Segment Start: Data extract

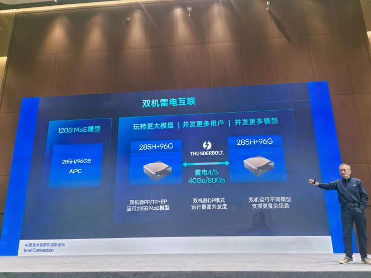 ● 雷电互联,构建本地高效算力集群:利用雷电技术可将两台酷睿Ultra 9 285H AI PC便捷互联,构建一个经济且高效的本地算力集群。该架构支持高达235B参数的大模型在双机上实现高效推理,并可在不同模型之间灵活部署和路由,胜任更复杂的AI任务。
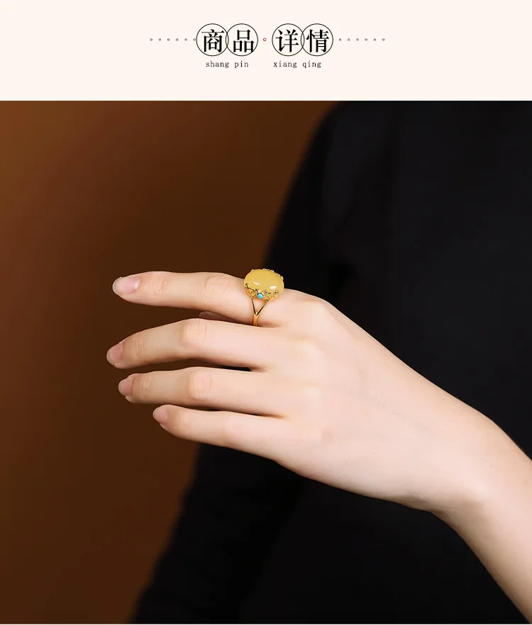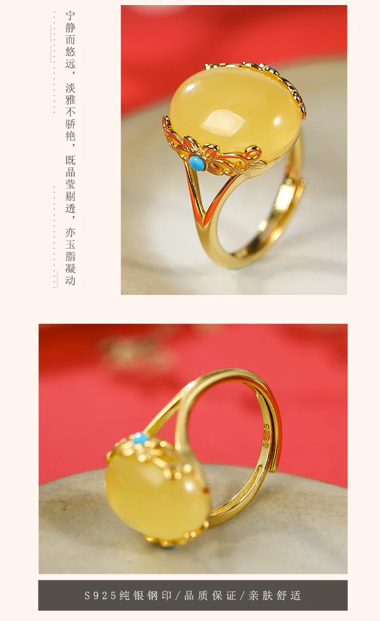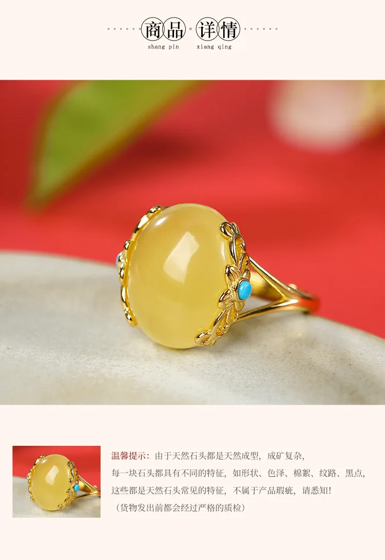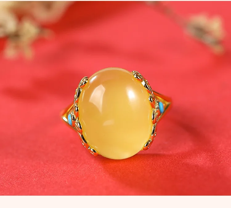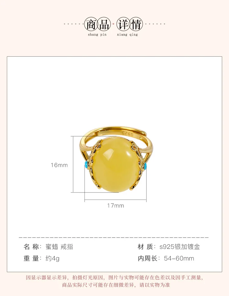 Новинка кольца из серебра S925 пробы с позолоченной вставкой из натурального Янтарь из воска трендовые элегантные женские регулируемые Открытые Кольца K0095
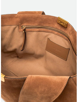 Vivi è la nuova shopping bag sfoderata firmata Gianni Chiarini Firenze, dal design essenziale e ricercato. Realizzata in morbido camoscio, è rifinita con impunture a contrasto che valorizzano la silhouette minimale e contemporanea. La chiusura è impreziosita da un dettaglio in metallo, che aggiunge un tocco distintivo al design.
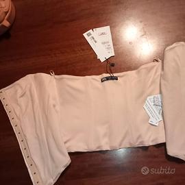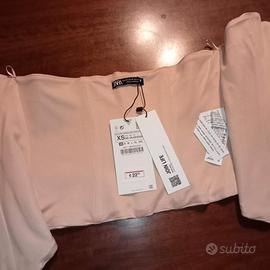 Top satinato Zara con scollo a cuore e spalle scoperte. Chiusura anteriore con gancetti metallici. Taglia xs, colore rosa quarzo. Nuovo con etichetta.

Segment End: Data extract

# Description of the task:
Set the listing down exactly, without its pictures.

# Written response:
 ● 雷电互联,构建本地高效算力集群:利用雷电技术可将两台酷睿Ultra 9 285H AI PC便捷互联,构建一个经济且高效的本地算力集群。该架构支持高达235B参数的大模型在双机上实现高效推理,并可在不同模型之间灵活部署和路由,胜任更复杂的AI任务。
 Новинка кольца из серебра S925 пробы с позолоченной вставкой из натурального Янтарь из воска трендовые элегантные женские регулируемые Открытые Кольца K0095
 Vivi è la nuova shopping bag sfoderata firmata Gianni Chiarini Firenze, dal design essenziale e ricercato. Realizzata in morbido camoscio, è rifinita con impunture a contrasto che valorizzano la silhouette minimale e contemporanea. La chiusura è impreziosita da un dettaglio in metallo, che aggiunge un tocco distintivo al design.
 Top satinato Zara con scollo a cuore e spalle scoperte. Chiusura anteriore con gancetti metallici. Taglia xs, colore rosa quarzo. Nuovo con etichetta.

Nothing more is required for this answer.